I have tried: $\begin{align} \mathcal{F^{-1}(\dfrac{1}{a+j2\pi f})} & = \int\limits_{-\infty}^\infty \dfrac{1}{a+j2\pi f} e^{j2\pi f t} df\\ & = \int\limits_{-\infty}^\infty \dfrac{a+j2\pi f}{a^2+(2\pi f)^2} e^{j2\pi f t} df \end{align}$
However, even though this breaks into real and imaginary parts, it has significantly increased the difficulty of computing the inverse fourier transform.
If you're familiar with complex analysis, one way is to perform contour integration. Consider the complex function:
$$ F(z) = \frac{e^{2\pi itz}}{a + 2\pi iz} $$
which has a simple pole at $z = \frac{a}{2\pi}i$. We define a closed contour $C$ consisting of a line from $z=-R$ to $z=R$ on the real line and an upper semicircle enclosing the pole.
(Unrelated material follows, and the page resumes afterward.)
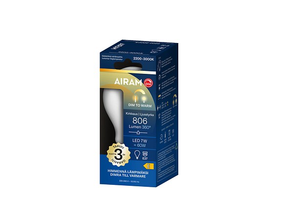 Med lamporna i serien kan du enkelt förändra belysningens stämning: ju mer du dimrar med en LED-dimmer, desto varmare blir ljusets färg. Lamporna justeras steglöst mellan vitt ljus 3000 K och varmt ljus 2200 K. De tekniska uppgifterna presenteras tydligt på förpackningen.

It looks something like this.
Then we have $$ \int_C F(z)\ dz = \int_{-R}^{R} F(x)\ dx + \int_{C_R} F(z)\ dz $$
where $C_R$ denotes the circular arc. Using Jordan's lemma, we can prove
$$ \lim_{R\to \infty}\int_{C_R} F(z)\ dz = 0 $$
Then using the residue theorem, we can compute the closed loop integral
$$ \begin{align} \int_C F(z)\ dz &= 2\pi i\operatorname{Res}\left(F(z),\frac{ai}{2\pi}\right) \\ &= 2\pi i\lim_{z\to \frac{ai}{2\pi}} \left(z- \frac{ai}{2\pi}\right) F(z) \\ &= \lim_{z\to \frac{ai}{2\pi}} e^{2\pi itz} \\ &= e^{-at} \end{align} $$
Thus
$$ \lim_{R\to\infty} \int_{-R}^{R} F(z) \ dz = \int_C F(z) \ dz = e^{-at} $$